Populated place in Ocean County, New Jersey, US

Leisure Village West-Pine Lake Park is an unincorporated community and census-designated place (CDP) located within Manchester Township, in Ocean County, in the U.S. state of New Jersey. As of the 2000 United States census, the CDP's population was 11,085. For the 2010 census the area was split into two CDPs, Leisure Village West and Pine Lake Park.

==Geography==
According to the United States Census Bureau, the CDP had a total area of 9.8 km2, all of it land.

==Demographics==

At the 2000 United States census, there were 11,085 people, 4,891 households and 3,135 families residing in the CDP. The population density was 1,126.3 /km2. There were 5,236 housing units at an average density of 532.0 /km2. The racial makeup of the CDP was 93.33% White, 2.86% African American, 0.18% Native American, 1.14% Asian, 0.05% Pacific Islander, 1.18% from other races, and 1.26% from two or more races. Hispanic or Latino of any race were 3.94% of the population.
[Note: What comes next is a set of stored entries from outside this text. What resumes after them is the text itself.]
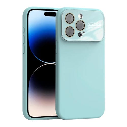Película de Lente Acrílica y Funda Silicona Líquida para iPhone 14 Pro Cobertura Total (Azul Cielo)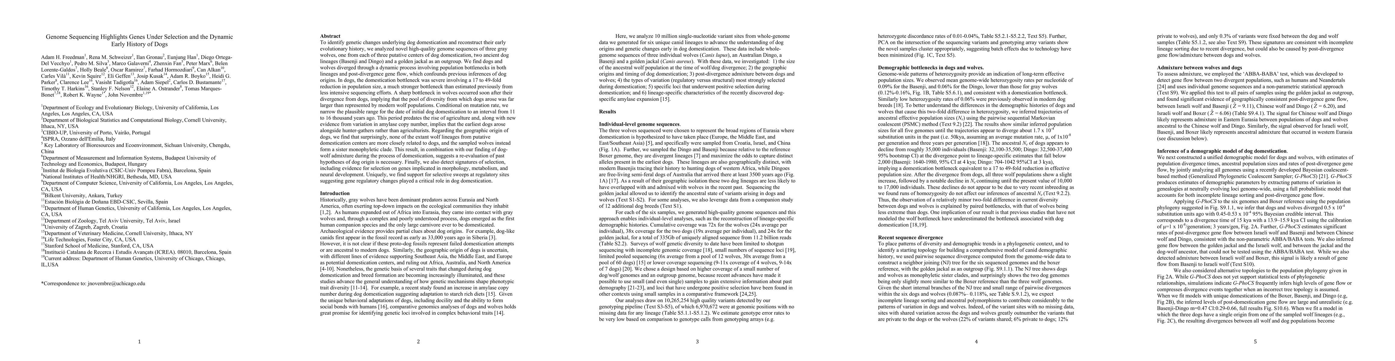 The study sequenced genomes of gray wolves, ancient dogs, and a golden jackal, revealing a severe domestication bottleneck in dogs and a subsequent wolf population decline. The research narrows the dog domestication period to 11-16 thousand years ago, suggesting early dogs were associated with hunter-gatherers. Surprisingly, none of the tested wolf lineages from proposed domestication centers are closely related to dogs, challenging previous origin hypotheses. The findings also highlight selection signatures in genes affecting morphology, metabolism, and neural development, with regulatory sites undergoing selective sweeps, indicating crucial gene regulatory changes in dog domestication.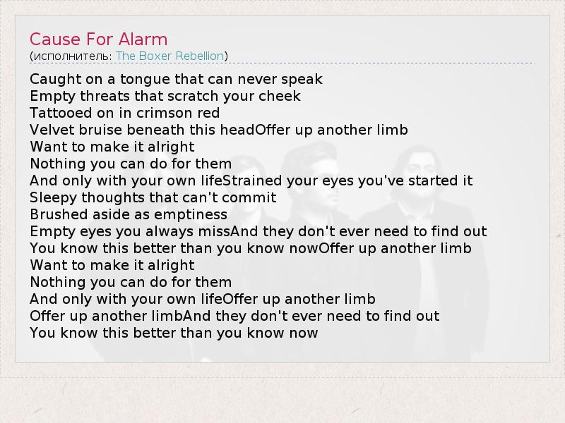 А как ты думаешь, о чем песня "Cause For Alarm" ?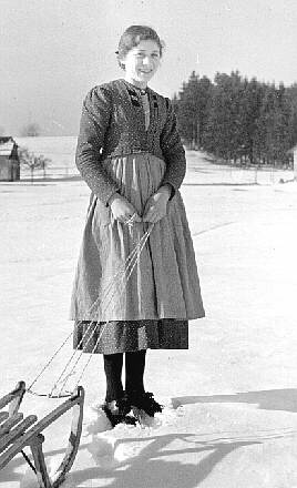 Bäuerliche AlltagskleidungMädchenkleidung, Winter Das Mädchen trägt hier ein Baumwollkleid mit einer Trägerschürze, darüber eine Jacke aus demselben Stoff wie das Kleid (Mädchen aus St. Peter)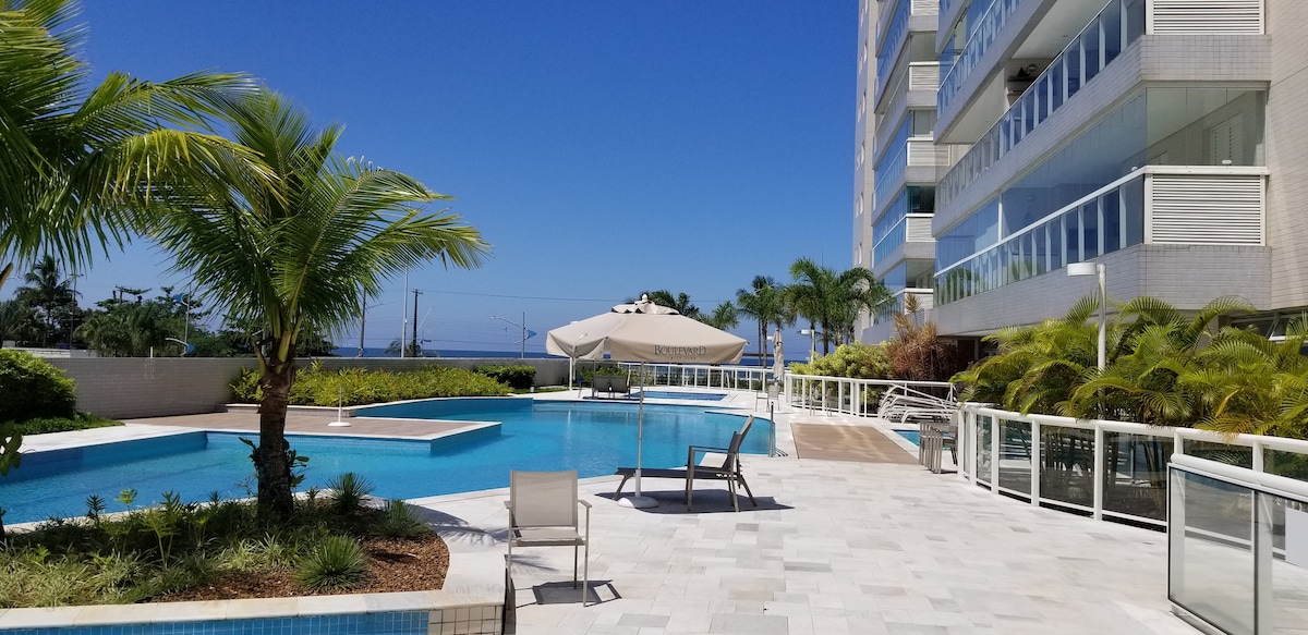 ** Datas abertas para o Reveillon, Natal e férias de janeiro. Pacotes com Desconto, valores melhores e condições especiais! Entre em contato.** Apto moderno e confortável com churrasqueira, varanda gourmet com Fechamento em Vidro e vista parcial para o mar. Situado ao lado da entrada da praia, no módulo 7, possui Serviço de Praia diário, Wi-Fi rápido, Piscina Aquecida, 1 suíte master com cama queen, e 1 quarto amplo com 4 camas de solteiro. O apto possui Ar Condicionado em todos os ambientes.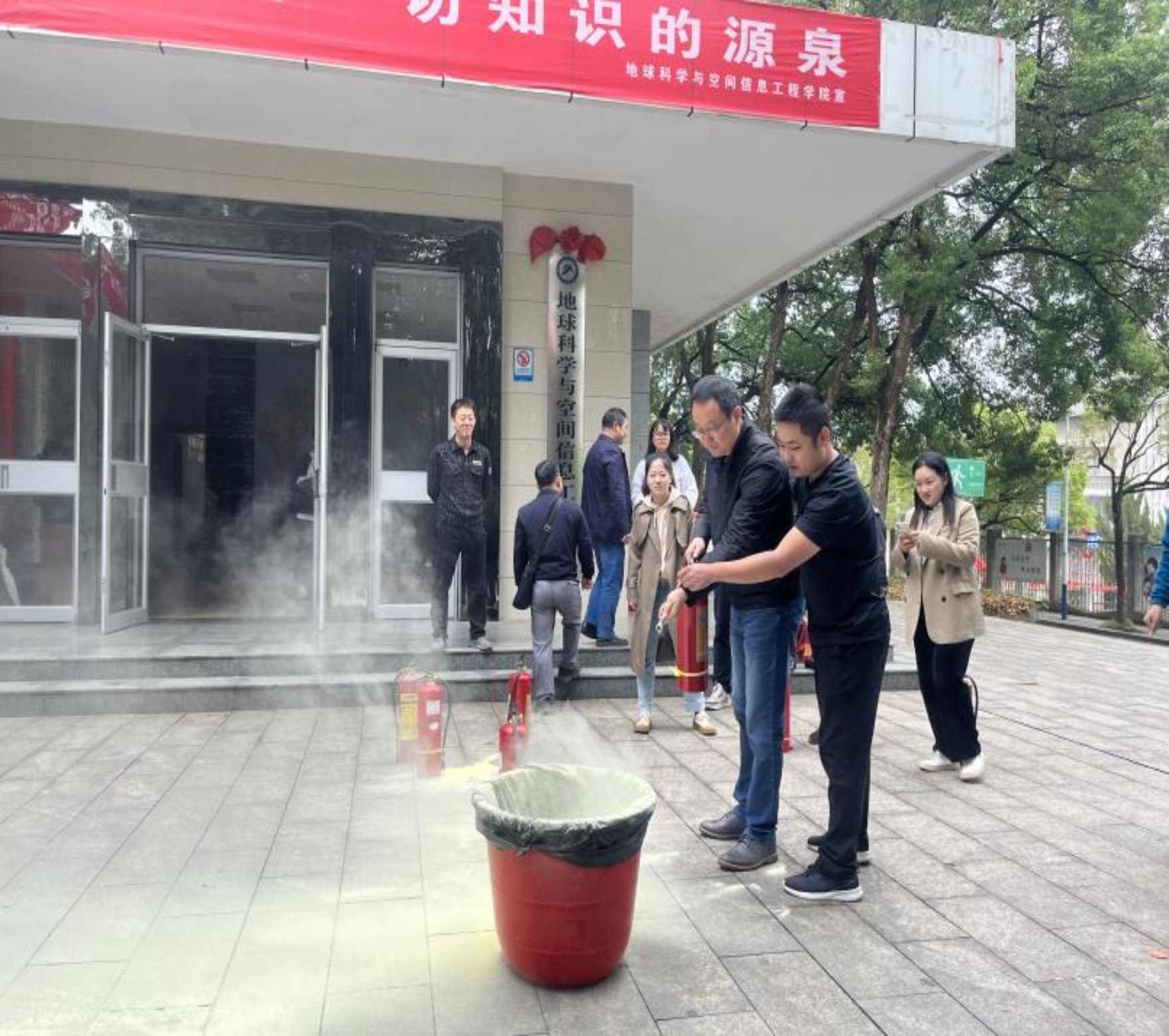 “对我们日常生活中常见的手提式灭火器,做到如下步骤。一看。看消防器材是否在保质期内。二拔。拔掉保险销,一手开启压把,另一手握喇叭喷桶的手柄,紧握开启压把即可喷出。要注意的是要距离燃烧处1.5米左右......”消防员周老师边操作边讲解,旁听者凝神屏气,全心贯注静静聆听着。在周老师的指导下,在场的没有实操过的老师和学生进行了体验操作。大家纷纷表示这是一场别具生动的实践教学,在教学中领悟自己职责,加强了不忘初心的党员信仰和真正碰到消防安全时的底气自信。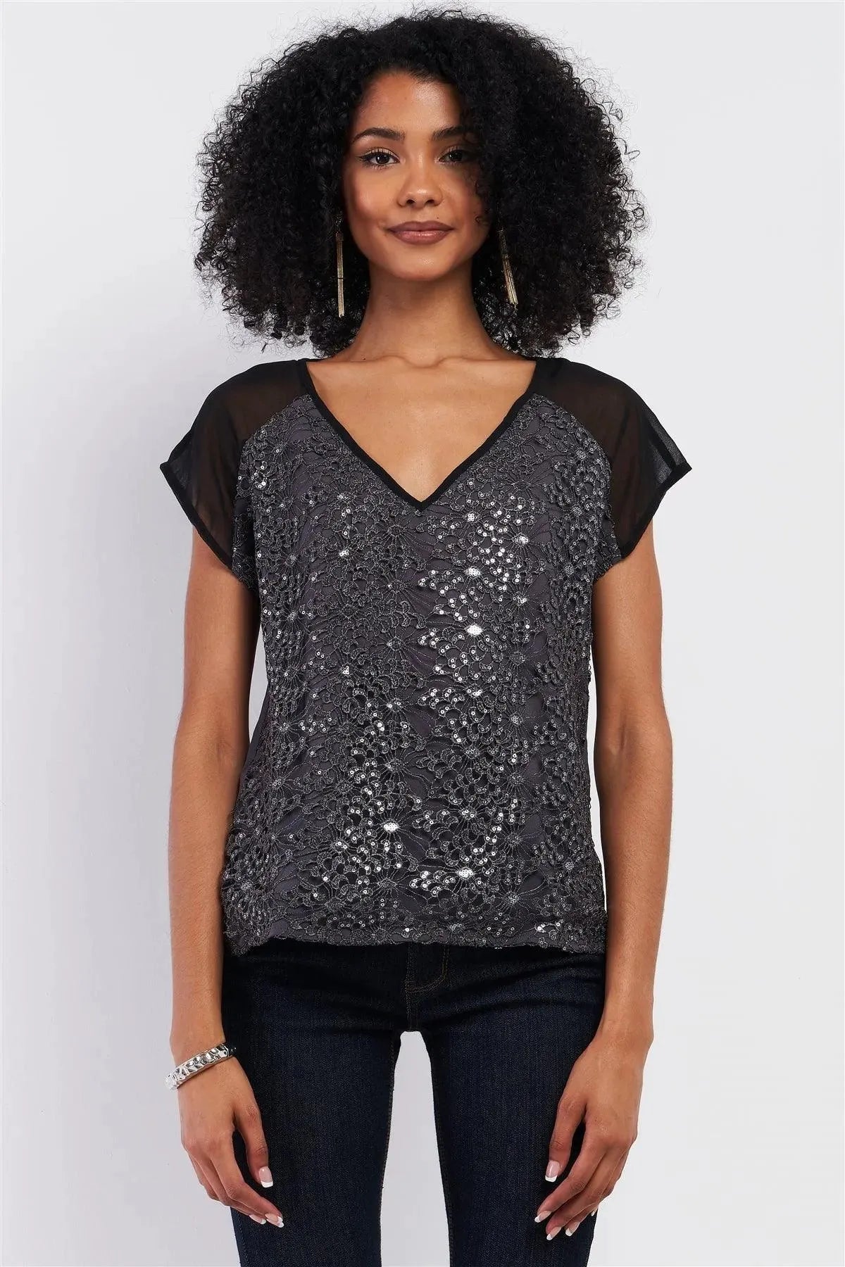 This chic and sexy Black Sequin V Neck Draped Sleeve Top is the perfect addition to your fall/winter collection. The black sequins and rhinestone details add a touch of glamour, while the draped open sleeves provide a stylish and comfortable fit. Perfect for a holiday look or a night out on the town. Stay on trend with this fitted and non-sheer top, complete with a back hidden zipper closure.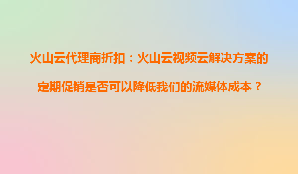 火山云代理商折扣:火山云视频云解决方案的促销如何降低流媒体成本? 一、引言:流媒体时代的高成本挑战 随着短视频、直播、在线教育等行业的爆发式增长,企业对流媒体服务的需求激增。然而,视频...
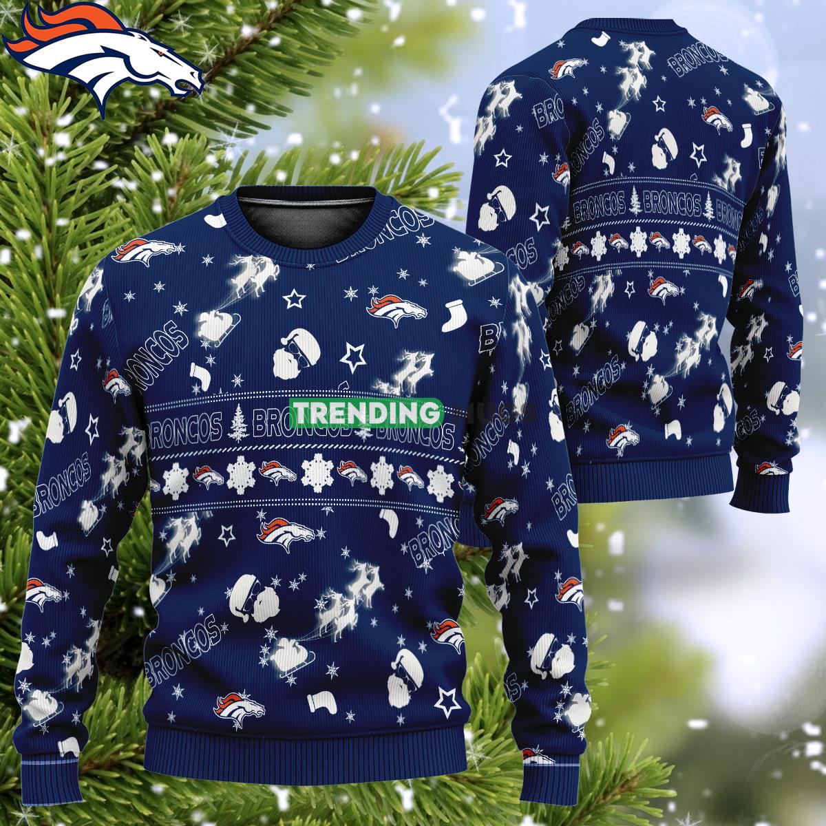 Get into the festive spirit with our NFL Denver Broncos Design Santa Reindeer Sleigh Ugly Christmas Sweater! Show off your love for the Denver Broncos while spreading holiday cheer. This eye-catching sweater features a unique design with Santa, reindeer, and a sleigh, all adorned with the iconic Broncos logo. Made with high-quality materials, it offers both comfort and durability. Perfect for holiday parties, family gatherings, or simply lounging by the fireplace, our Denver Broncos Christmas sweater is a must-have for any fan. Embrace the holiday season in style and let your team spirit shine with this one-of-a-kind ugly Christmas sweater.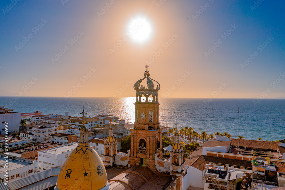 Puerto Vallarta sunset with the church as the symbol Icon of downtown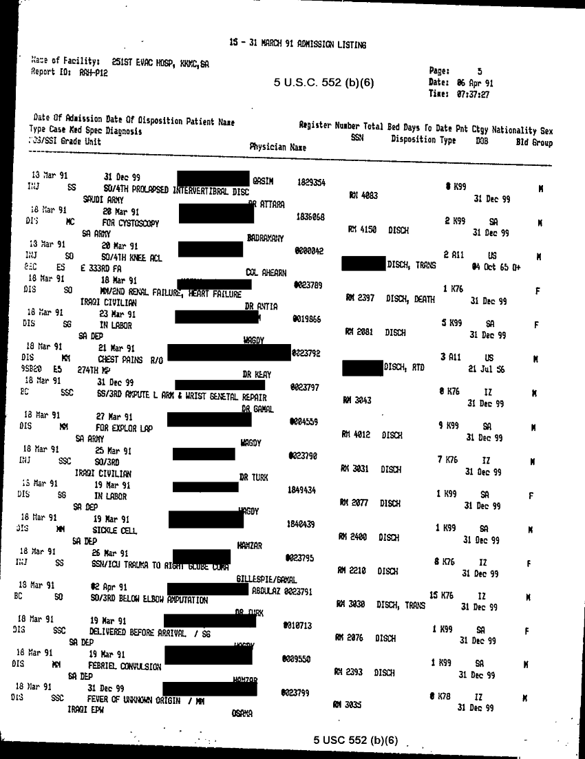 Document 28 f:/Week-32/BX000483/MEDSTAT - SITREPS APR 91 -3/patient adimission listing 15 31 mar 91:09069615155346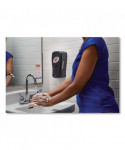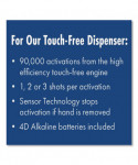 Features the smallest footprint and cubic area in its class with subtle curves that complement the aesthetics of any washroom. Enjoy thick, rich foam from our state-of-the-art pump. High-efficiency engine provides an industry leading 90,000+ precise activations. Clear side panel strip for fill-level visibility without opening. 4D Duracell alkaline batteries included. 1, 2 or 3 shots per activation. Smart-Sensor technology discontinues activation if hand is removed. Clean Tip™ Technology cleans the pump tip after each use to minimize drip risk.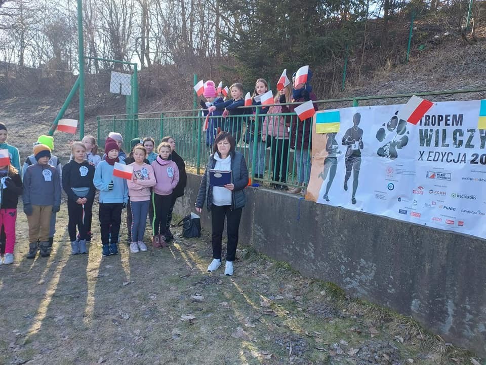 W ramach jego X edycji skorzystaliśmy z zaproszenia skierowanego do szkół.Przygotowywanyprzez nauczycieli historii i wychowania fizycznego z wielkim zaangażowaniem od stycznia bieg Tropem Wilczym – udał się znakomicie. Ogromna liczba młodzieży zgłosiła się do biegu, a ich wytrwałość w pokonaniu dystansu 1963 m. przyczyniła się do kształtowania świadomej pamięci historycznej. Została ona zapamiętana nie tylko przez ból mięśni po pokonanym dystansie , ale również poprzez realizację zajęć prezentujących historię Żołnierzy Wyklętych. Dystans biegu odwoływał się do daty schwytania i zamordowania ostatniego „leśnego” żołnierza – Józefa Franczaka pseudonim „Laluś”, który prze 18 lat walczył, ukrywając się przed „ubekami”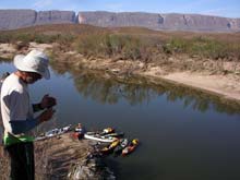 | It is a day's drive from our place to Big Bend so Skip arrived the afternoon before with his spanking new foam cored, kevlar and fiberglass canoe. The next morning we drove to the Rio Grande. |

There were 4,891 households, of which 21.3% had children under the age of 18 living with them, 56.1% were married couples living together, 5.8% had a female householder with no husband present, and 35.9% were non-families. 32.8% of all households were made up of individuals, and 27.5% had someone living alone who was 65 years of age or older. The average household size was 2.27 and the average family size was 2.86.

Age distribution was 18.6% under the age of 18, 6.0% from 18 to 24, 21.5% from 25 to 44, 17.7% from 45 to 64, and 36.3% who were 65 years of age or older. The median age was 48 years. For every 100 females, there were 84.9 males. For every 100 females age 18 and over, there were 80.4 males.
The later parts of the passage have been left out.